Our current image analysis approach contains some limitations. To validate across the dataset using the U-Net model, we selected four diverse images. This strategic selection was to maximize dissimilarity between images by considering different stages of growth, which allowed us to assess the robustness of the U-Net model. Expanding the validation set with images from different length scales, temperatures, and nucleation densities is important in our future work. This will provide a more comprehensive assessment of the model’s generalizability and robustness. Currently, crystallite separation is enforced by imputing the final amorphous region across all the predictions. However, this requires a manual annotation of the final image and post-processing predicted masks, which is inefficient. Future directions might include leveraging instance segmentation rather than semantic segmentation, a weighted loss term to penalize erroneous borders, or alternative model architectures that can incorporate temporal information to distinguish boundaries.

Growth Behavior of the Entire System and Individual Crystallites

In Avrami fitting, we used an n value of 2 to approximate the crystallites as 2D disks. The same approximation was used in another similar study from our research group where YOLO was utilized [38].

In this study, we approximated the growth of these crystallites to be isotropic to simplify the calculation of the effective radius. Each individual crystallite is seen to have different rates of growth in different directions at different times, leading to growth anisotropy. The temperature and concentration gradients associated with this phenomenon will be explored in a future study.
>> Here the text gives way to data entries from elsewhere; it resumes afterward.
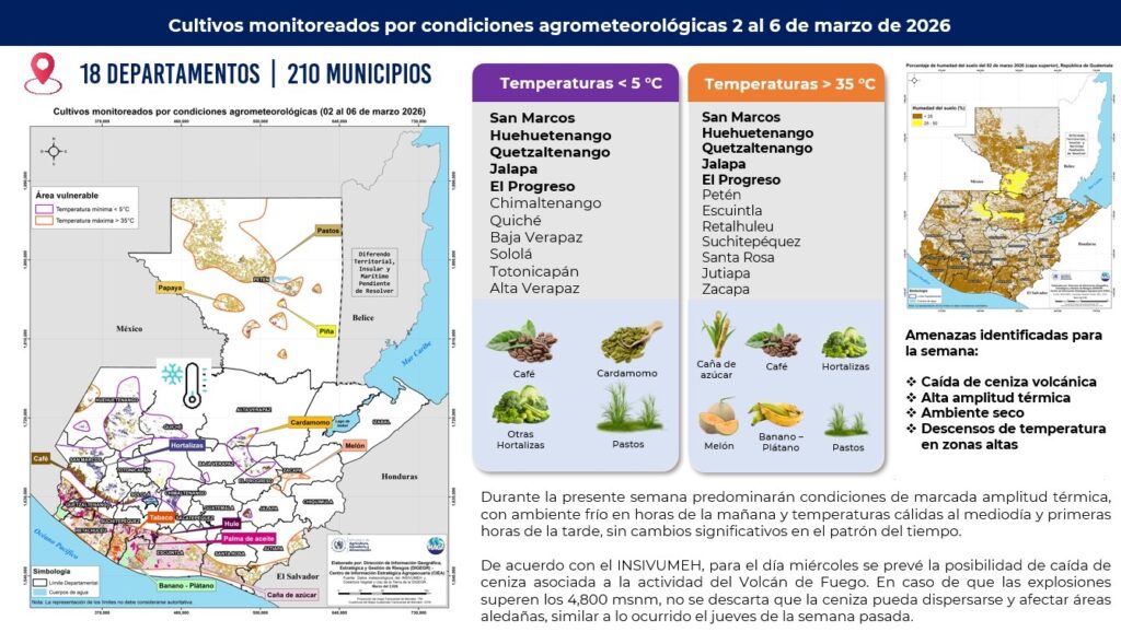 El análisis agrometeorológico semanal alerta por caída de ceniza volcánica, alta amplitud térmica, descensos de temperatura en zonas altas y ambientes secos, condiciones que pueden afectar la producción agrícola y pecuaria en al menos 18 departamentos y 210 municipios de Guatemala.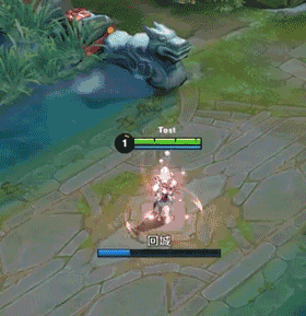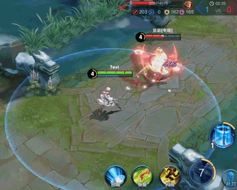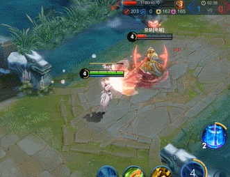 最后是大招,一朵桃花突然盛开,向前射出光球!击中敌人后还有后续的特效反映,依然要要强调的是诸葛亮大招也是弹道窄小,它不可能做得特别状阔宏伟。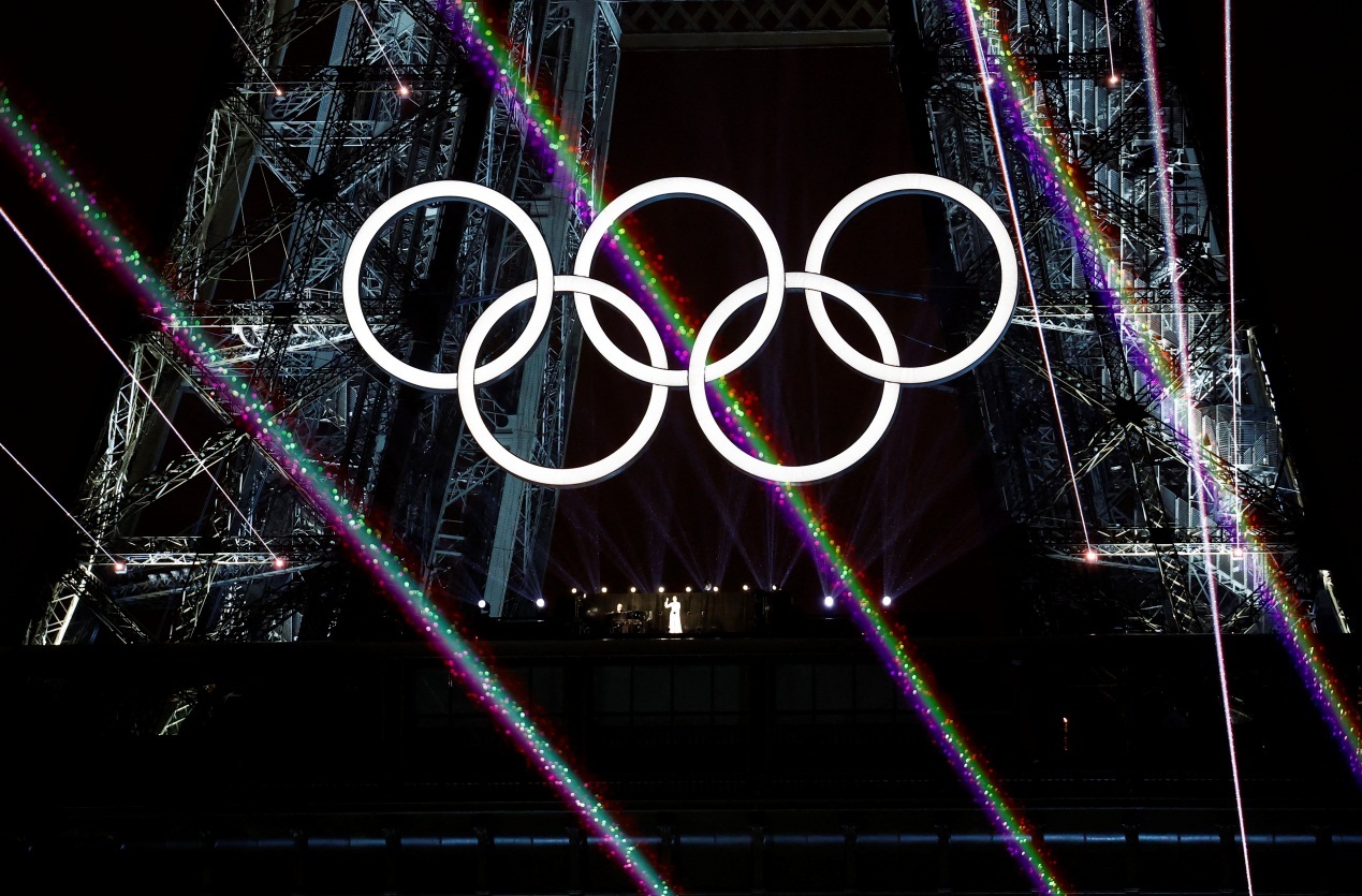 开幕式上,巴黎奥运五环与埃菲尔铁塔交相辉映。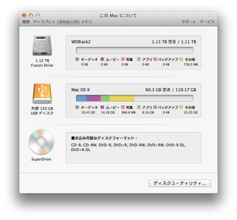 ストレージ一覧をチェックして、WD Black²の部分がFusion Driveとなっていれば、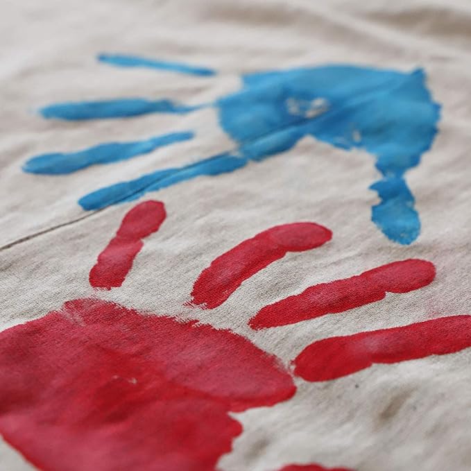 Tempera a dita tessile in vasetto, pronta all’uso, in pratica valigetta riutilizzabile, 6 colori. Adatta al contatto con la pelle è rivolta alla prima infanzia ed è espressamente studiata per essere applicata con le dita su tessuti. Morbida e piacevole da toccare, è facile da stendere. Quando è perfettamente asciutta rimane di colore intenso, senza screpolature anche se stesa in strati spessi e diviene permanente. Durante l'utilizzo si raccomanda di proteggere gli abiti e la superficie di lavoro. Non necessita di fissaggio ma deve essere lasciato asciugare perfettamente per almeno 24 ore a temperature tra i 18 e i 25 °C. Se si vuole stirare appoggiare la parte colorata sopra una carta da forno e stirare dal rovescio avendo cura di appoggiare sul rovescio uno straccio in modo da evitare di sporcare il ferro da stiro. Una volta asciutto non è lavabile dai tessuti. Resistente al lavaggio a 30°. Rimuovere immediatamente eventuali macchie indesiderate secondo istruzioni.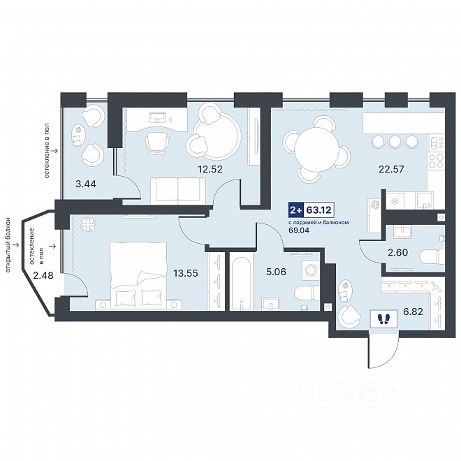 Продаётся 2-комнатная квартира в строящемся доме (ГП-1), срок сдачи: I-кв. 2027, общей площадью 63.12 кв.м., на 4 этаже. Новый жилой комплекс от Специализированного застройщика "Звезда" расположен в г. Тюмень по ул. Рылеева.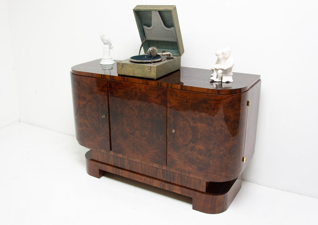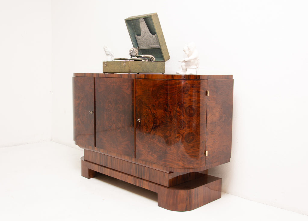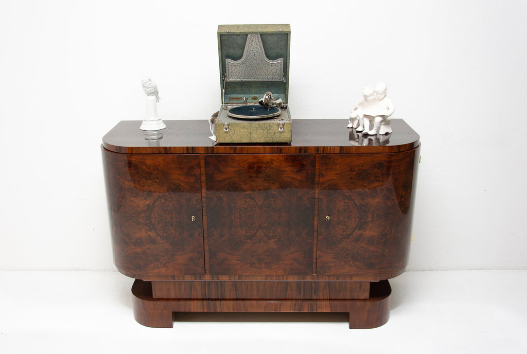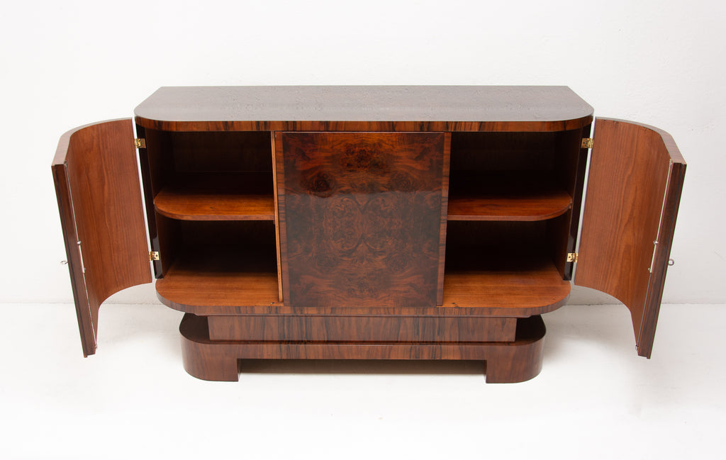 Art Deco Walnut Oval bar or Sideboard, 1930s, Bohemia
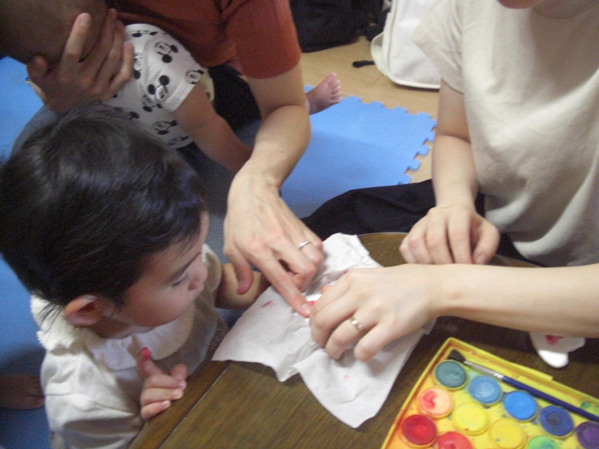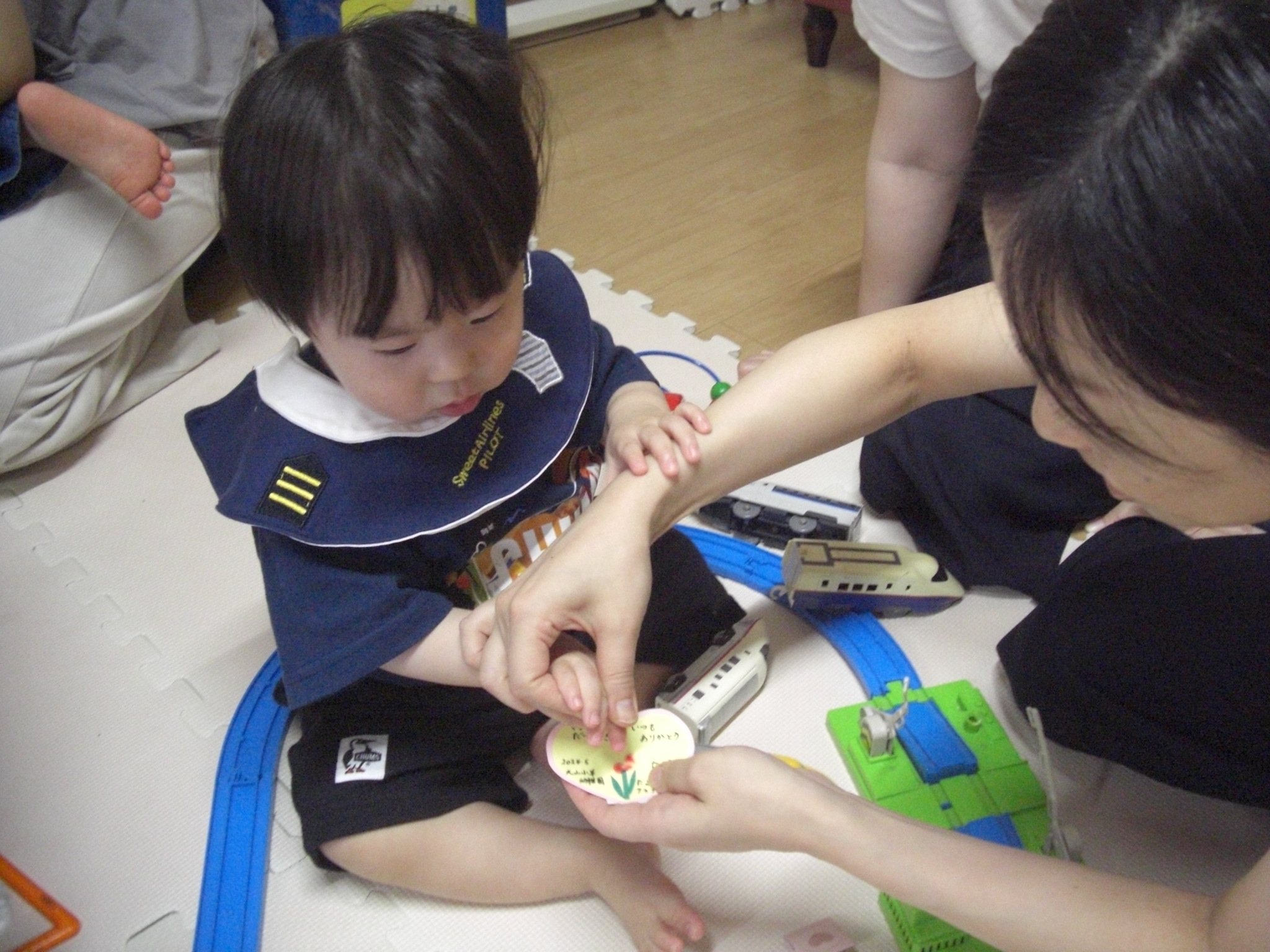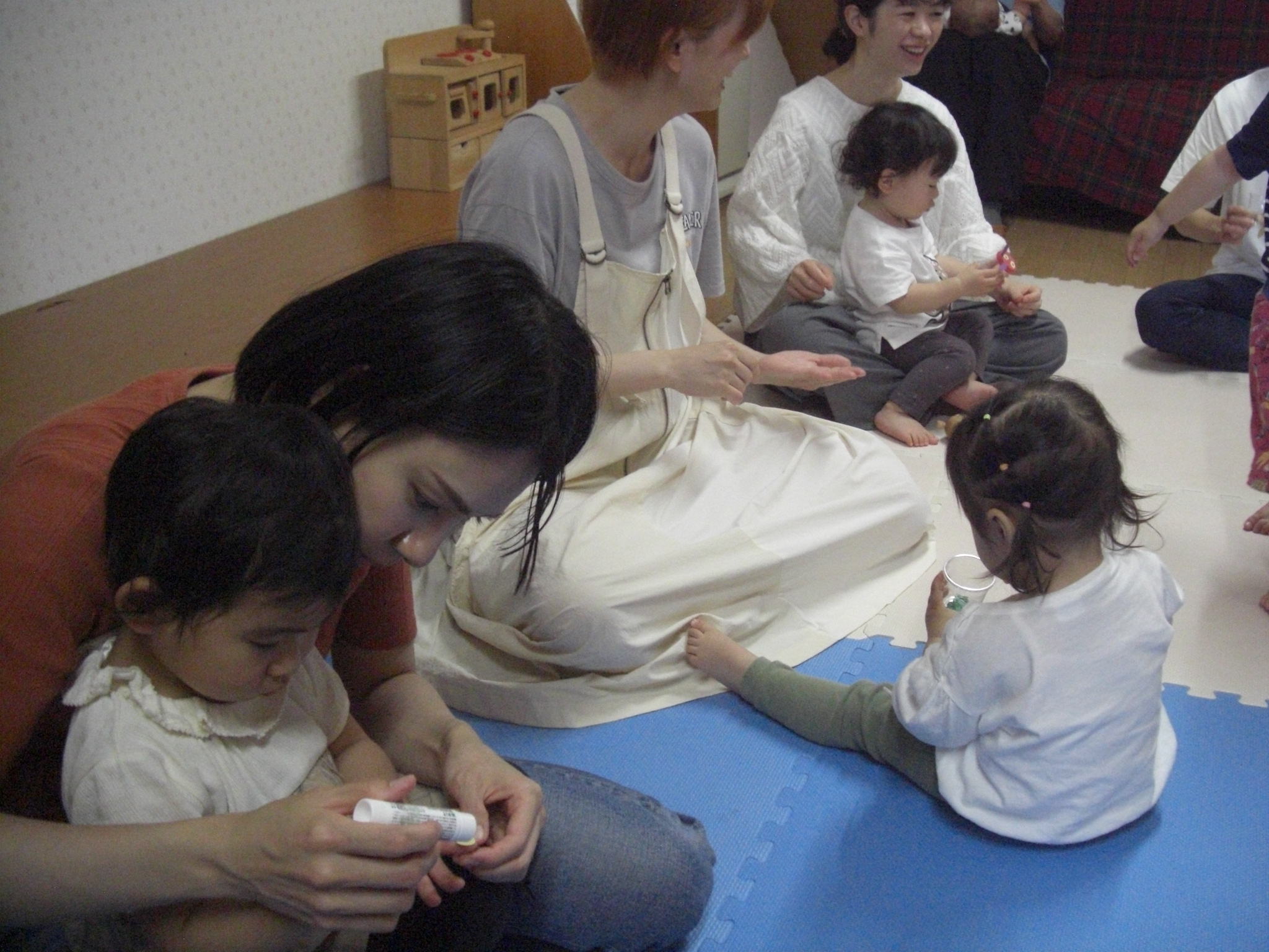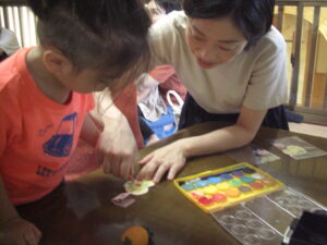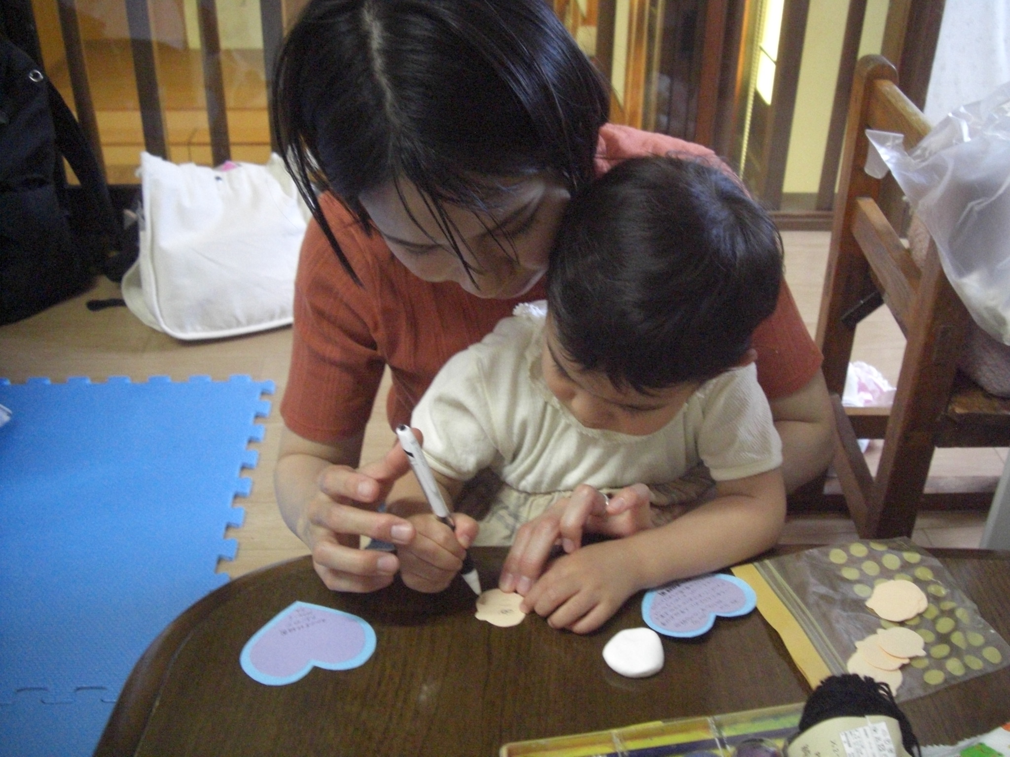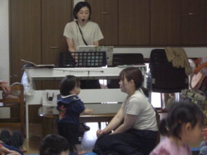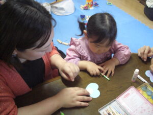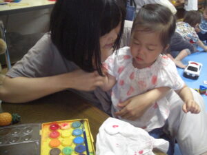 絵本の後は、いよいよ楽器作り!ままと一緒にお顔を貼ったり、シールを付けて、1人1人オリジナルのマラカス作り(^^)中にはストローやお花のおはじきを入れて・・シャカシャカと音が鳴るマラカスの完成!来週のリズム遊びでみんなで鳴らして遊ぼうね♡来週お休みのお友だちは、お家で鳴らして遊んでね♬

Crystallite geometries play an important role in our understanding of the fast growth directions. Crystallites that initiate out-of-plane transition into in-plane over time. We have not considered these aspects in our current work but we hope to explore these concepts in greater detail in our future work. In addition, we will explore different crystallite morphologies in our future work.

Conclusion

We have developed a general materials data science framework for the 2D analysis of particle growth. The novelty of our approach consists of employing deep learning and visualizing growth kinetics for image sequences without sampling for certain crystallites or timesteps. We have shown that this approach can be used for quantitative analysis of the temporal evolution of particle dispersions, especially the analysis of particle growth, and that the information can be effectively summarized in a visual query tool. The relationship between image sequences and spatiotemporal graphs could help us in understanding growth kinetics in the presence of neighboring crystallites and potential long-range interactions.

We implemented this general framework to investigate growth kinetics associated with the formation of crystallites in a fluoroelastomer film. It is critical to formulate an algorithm particle recognition (image segmentation) in order to avoid artifacts. We expect that the methods used in the study are suitable for studying growth kinetics of any general materials system.